As shown in FIG. 9, the ear member 63 and the connecting member 65 configured as described above include three ear members 63 adjacent in the circumferential direction, and a connecting member 65 that connects the three ear members 63. Are fixed by press-fitting the arc-shaped assembly 67 composed of. In the present embodiment, eight assemblies 67 are press-fitted and fixed to the stator 10 respectively.

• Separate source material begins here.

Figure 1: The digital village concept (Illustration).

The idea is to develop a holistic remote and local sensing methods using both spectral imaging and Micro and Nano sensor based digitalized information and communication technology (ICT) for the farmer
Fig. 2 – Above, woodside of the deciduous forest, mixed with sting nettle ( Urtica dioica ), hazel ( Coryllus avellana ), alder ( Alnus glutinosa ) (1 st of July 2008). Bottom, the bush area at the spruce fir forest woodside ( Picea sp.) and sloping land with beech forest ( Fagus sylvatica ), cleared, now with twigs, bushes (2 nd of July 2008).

Note that the method of fixing the ear member 63 and the connecting member 65 to the stator 10 is not limited to the above-described method, and for example, a plurality of (24 in this embodiment) adjacent to the circumferential direction corresponding to the number of teeth 11b. A linear assembly 67 including an ear member 63 and a connecting member 65 for connecting the plurality of ear members 63 is deformed along the outer peripheral surface of the stator 10 and fixed by press-fitting over the entire periphery. May be. In this case, since the gaps between the assemblies 67 can be reduced as compared with the case where the plurality of assemblies 67 are press-fitted and fixed to the stator 10, the surface of the stator 10 facing the rotor 6 is rotated in the rotational direction of the rotor 6. The level difference and unevenness formed along can be further reduced.

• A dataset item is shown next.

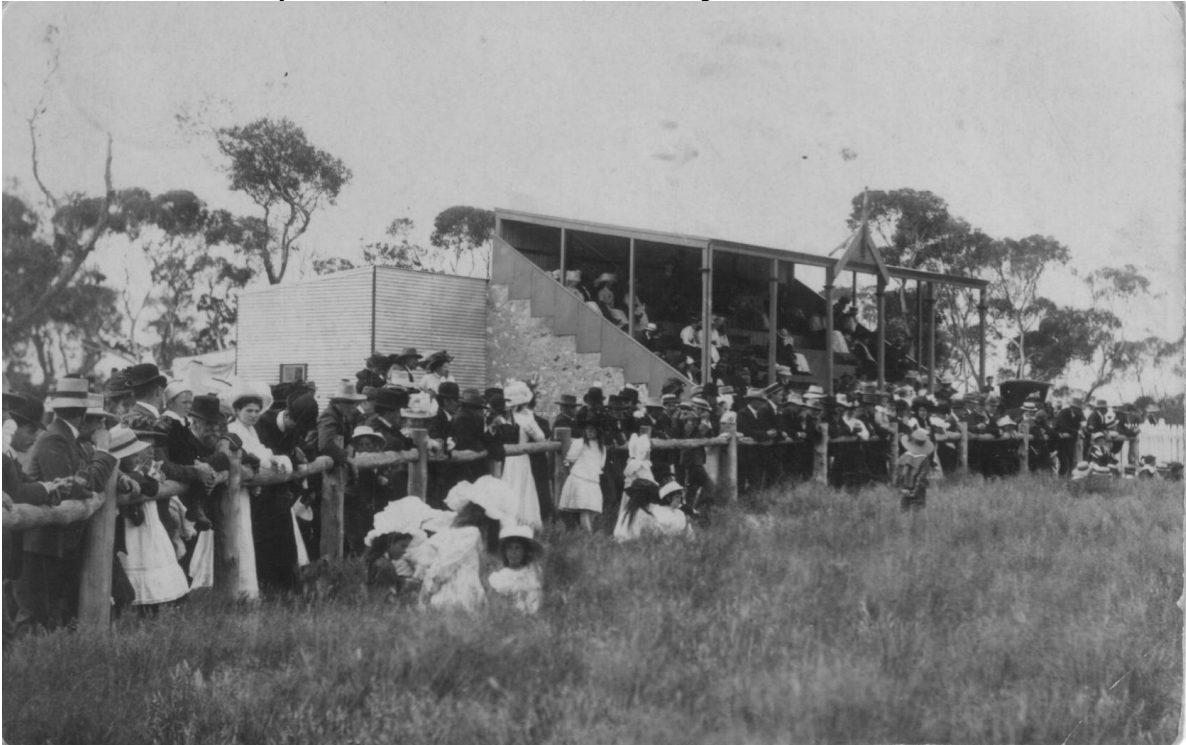
Mannum Show Committee 1908.

Early 1900s. The GRAND STAND existed, where a triangular block of trees are in 2019.

As described above, according to the outer rotor type rotating electrical machine 1 of the present embodiment, the radially outer end surface 12a of each insulating bobbin 12 is adjacent to the circumferential end surfaces 61a and 61a of the protruding portion 61 of the tooth 11b. Ear members 63 having circumferential inner ends 63a, 63a are arranged. Further, the circumferential inner end portions 63a and 63a of the ear member 63 are set so that the radial width B thereof is substantially the same as the radial width A of the protruding portion 61. It is formed in a taper shape in which the radial width decreases as it goes outward in the direction. Therefore, steps and irregularities formed along the rotation direction of the rotor 6 can be reduced on the surface of the stator 10 facing the rotor 6, and the flow of air generated when the rotor 6 rotates can be rectified. . Thereby, the windage loss at the time of rotor 6 rotation can be reduced, and the efficiency of a rotary electric machine can be improved.
Moreover, since the cross section orthogonal to the radial direction of the teeth 11b is formed in substantially the same shape from the radial inner side to the radial outer side, it is easy to attach the insulating bobbin 12 to the teeth 11b.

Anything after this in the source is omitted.